▸ **What you will do**
Print out the full material below, exact in every line, with no images included.

▸ **Data block**
=-=-=
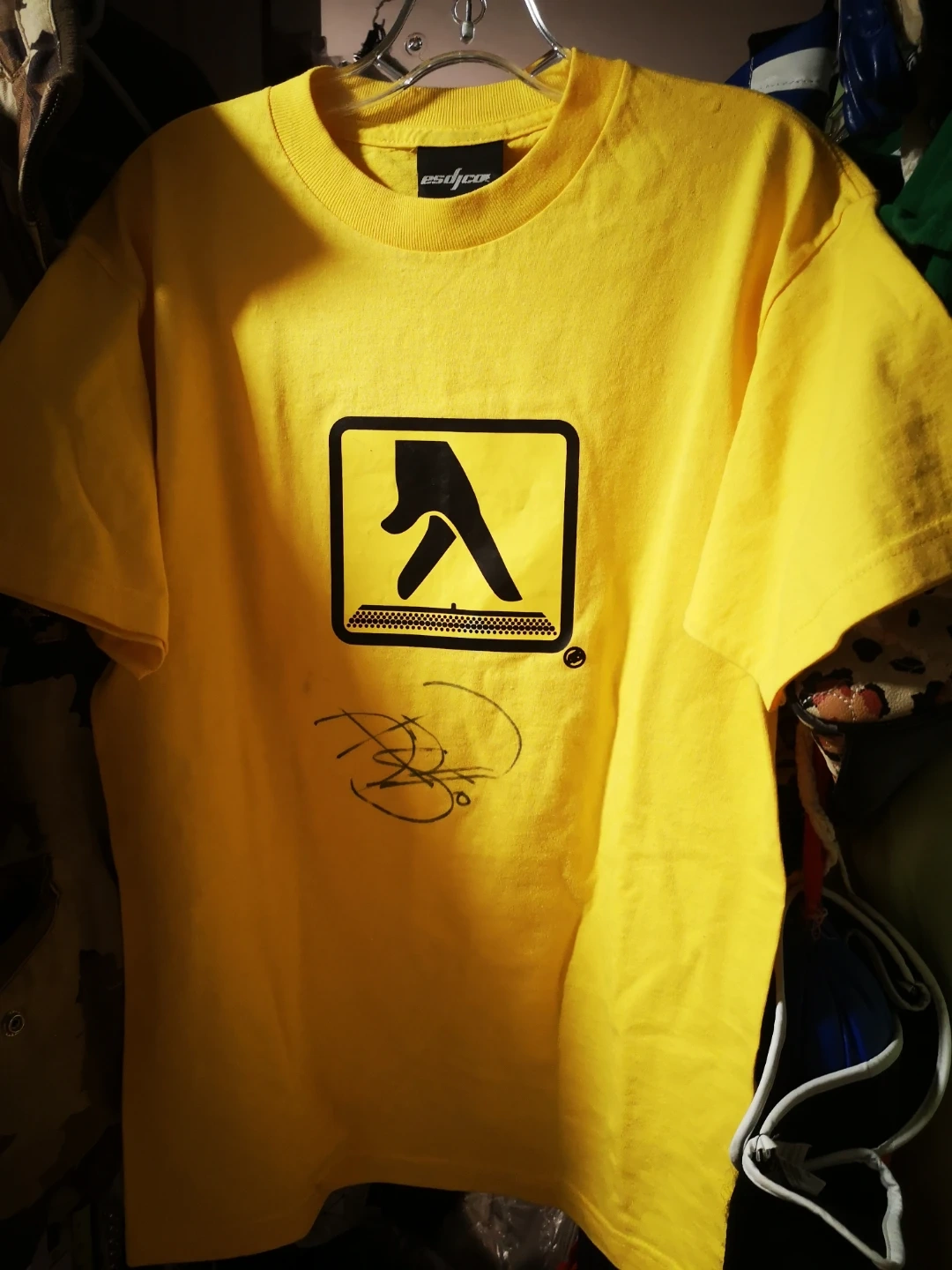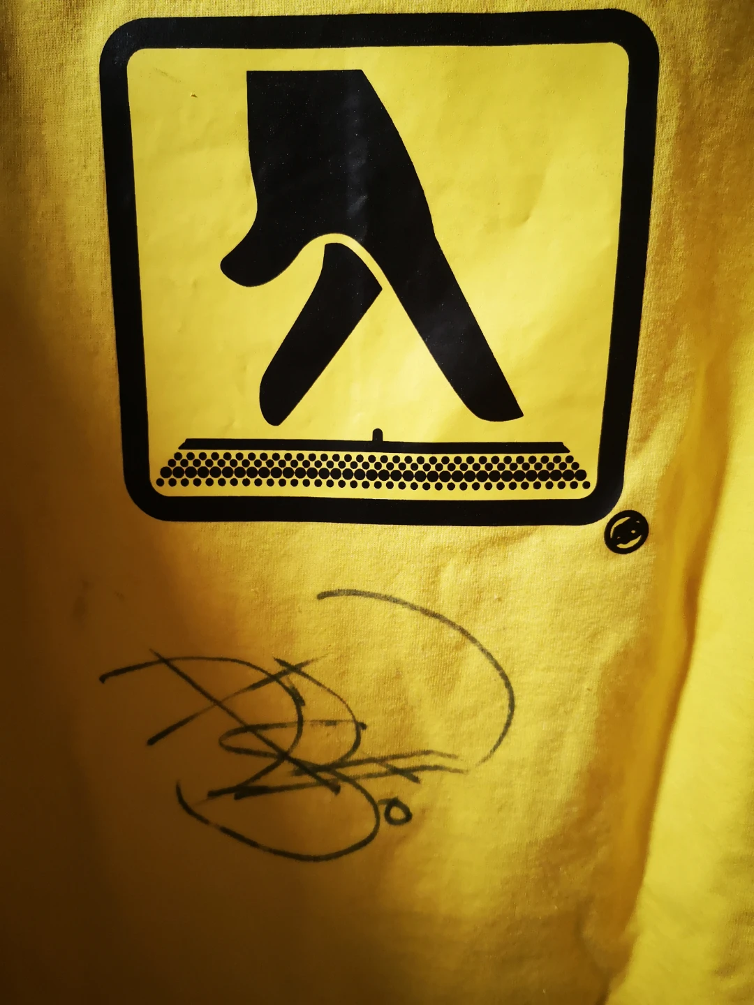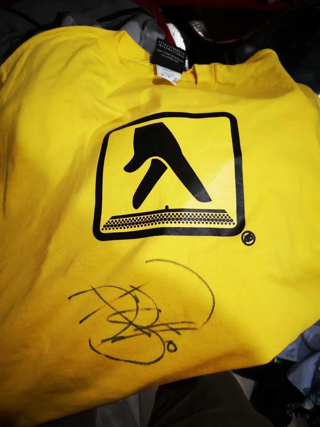 Yellow short-sleeved t-shirt featuring the iconic Aphex Twin logo. It's signed by the artist. Cotton material.
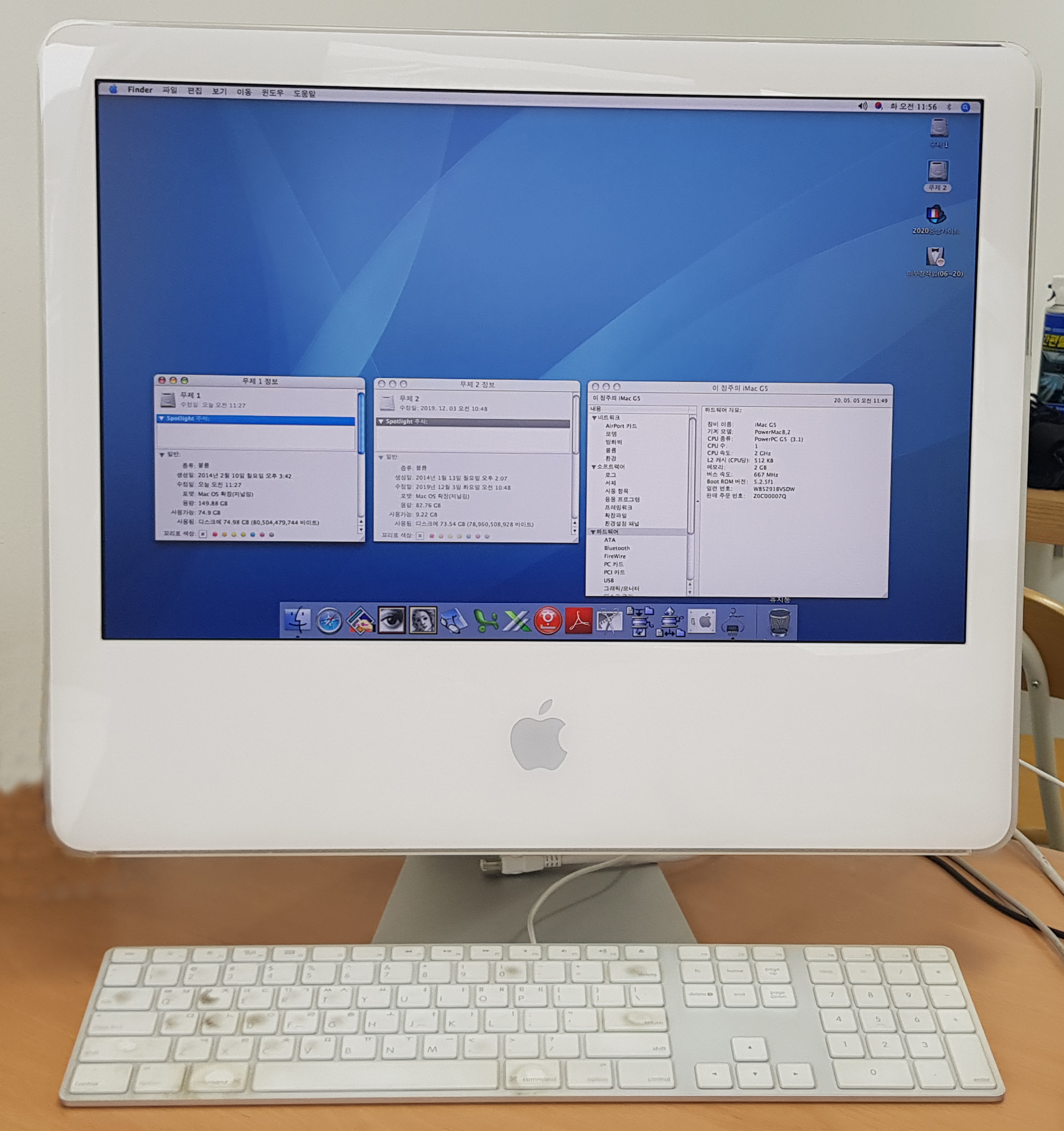 메모리(2기가), 하드(230기가) 일체형 아이맥G5(20인치)입니다,
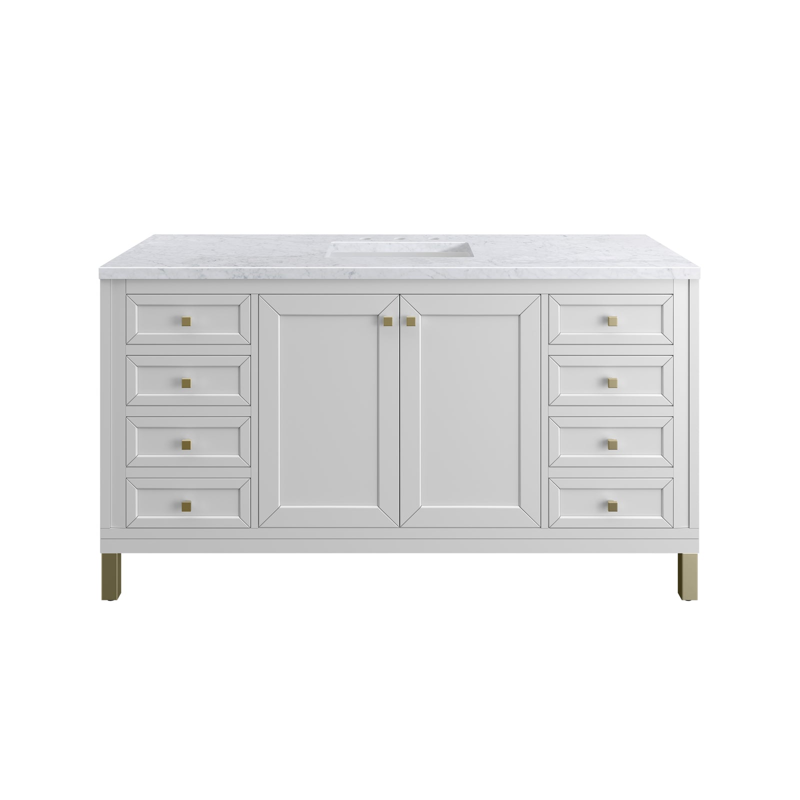 Chicago 60" Single Vanity, Glossy White, w/ 3 CM Carrara Marble Top
=-=-=
▸ **Exercise answer**
 Yellow short-sleeved t-shirt featuring the iconic Aphex Twin logo. It's signed by the artist. Cotton material.
 메모리(2기가), 하드(230기가) 일체형 아이맥G5(20인치)입니다,
 Chicago 60" Single Vanity, Glossy White, w/ 3 CM Carrara Marble Top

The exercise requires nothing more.